In good times and in bad, there is a constant for employees – financial stress.
Surveys consistently show that employees, both those with low incomes and those who are high earners, experience financial stress.
In a recent report1, Morgan Stanley found the following:
- Each month, half of employees spend more than they earn
- Over a third of employees feel their debt is unmanageable
- 2 out of 5 do not have enough emergency savings to live for three months
- More than half of employees making more than $100,000 still feel financial stress
Unfortunately, such stress has a big impact on the companies that employ these workers.
How Financial Stress Affects Employers
Employees dealing with financial stress often bring that stress into the work environment. This has a direct impact on the bottom line of their employers.
The Morgan and Stanley study found that 78 percent of employees who are dealing with financial stress are distracted at work.
PwC’s 8th Annual Employee Financial Wellness Survey 2019 found that 49 percent of financially stressed employees spent three or more hours each week dealing with financial issues while at work.2
On average, distraction costs a company up to 10 times more than absenteeism.3
In addition to distraction, which is sometimes called presenteeism, financially stressed employees are also more likely to look for other employment, have more accidents, take more sick days, save less for emergencies and work beyond retirement.
All of this leads to greater expenses for the employer.
Lack of Emergency Savings Affects Employees
Overall, the biggest sources of financial stress for employees of all income levels include debt, emergency expenses and lack of adequate savings.
Emergency savings are important for the overall financial wellness of an employee because it provides a cushion if something unexpected comes up.
Even if an employee still has financial issues, having a savings account that can see them through difficult times provides a strong level of comfort. Plus, having the savings account will help prevent the stress of the remaining two significant sources of financial stress.
At Enrich, data shows the impact that having an appropriate level of emergency savings, defined as at least three months of living expenses, has on one’s financial stress.
[Employee financial stress goes down over time when using the Enrich Financial Wellness program, with those that have at least a 3-month emergency savings fund exhibiting the lowest stress levels.]
As you can see, those most stressed are those without an emergency fund.
Simply having an emergency fund, even if the employee’s financial assessment number is low, has a significant bearing on the amount of stress they feel.
Financial Wellness Can Help
There are several reasons why a good financial wellness program will lower financial stress. But not all financial wellness programs have the necessary components to do this.
In 2019, Enrich users saw an average decrease of 23% in their financial stress levels.
When asked what can be done to help them with their financial stress, employees suggested getting help with such topics as:
- Managing debt
- Creating an emergency savings account
- Saving for retirement
- Understanding investing
- Choosing appropriate insurance options
However, two-thirds of employees state that their employers do not offer a financial wellness benefit that provides the help they need.
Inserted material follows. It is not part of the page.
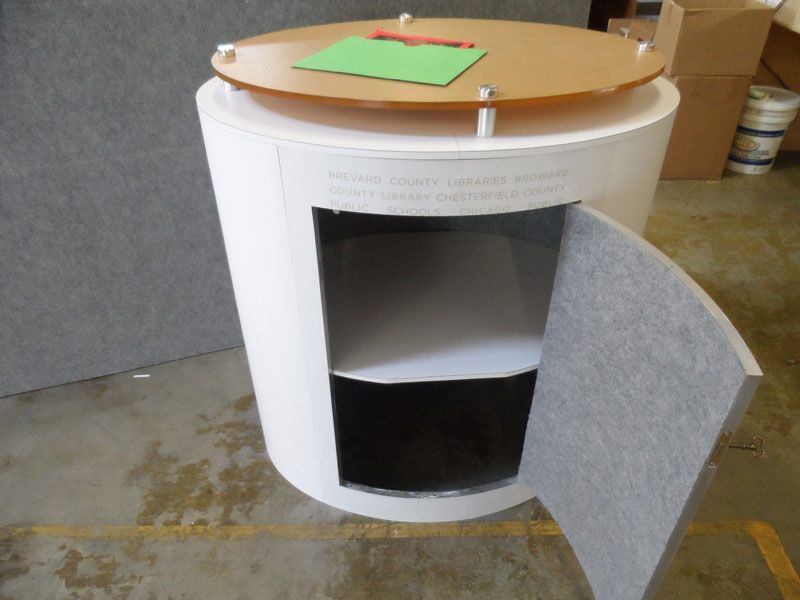 Custom Modular Pedestal with Storage and a Plex Counter Top

A "holistic" financial wellness program offers personalized tools to provide employees with needed education and steps to take to decrease financial stress.
Because employees want these benefits, they use them to:
- Prepare for retirement - 47 percent2
- Get spending under control – 29 percent2
- Pay off debt – 29 percent2
- Save for major goals – 29 percent2
- Manage investments – 29 percent2
- Manage healthcare expenses – 18 percent2
Additionally, by reducing employee stress, a financial wellness program increases productivity and retention.
In fact, almost two-thirds of employees state they would be more likely to stay with an employer that offered such benefits.1
Three Things Employers Can Do to Facilitate Emergency Savings
Since the addition of emergency savings reduces stress, you’ll want to be sure that your financial wellness program helps employees create a “rainy day” fund.
To do this effectively, the program should focus on two key strategies: Automation and creating a dedicated/separate savings account.
Here are three ways to help your employees save money for an emergency:
The goal is to show employees where they can cut back on expenses to increase savings.
Financial wellness programs with personalized budgeting tools can help employees track their current spending and “find” money.
For instance, creating a budget can reduce the amount spent on eating out or encourage an employee to explore cheaper cell phone or cable options.
This money can then be used to create an emergency savings account.
Some employees don’t save money because it isn’t automated or the automation seems too difficult to understand.
By conducting training, you can show employees how to do a direct deposit split to automatically put a portion of every paycheck away into a separate savings account.
Savings Matching on Sidecar Savings Accounts
A sidecar savings account is linked to an employee’s retirement account and payroll. Employees will be able to contribute to both funds at the same time automatically.
Once the emergency funds are at a prescribed level, all contributions automatically go toward retirement funding.
Then, as an employer, you can match a percentage of their direct deposits. This is similar to matching for retirement savings.
More and more companies are learning that reducing employee financial stress has many positives, all of which impact the bottom line.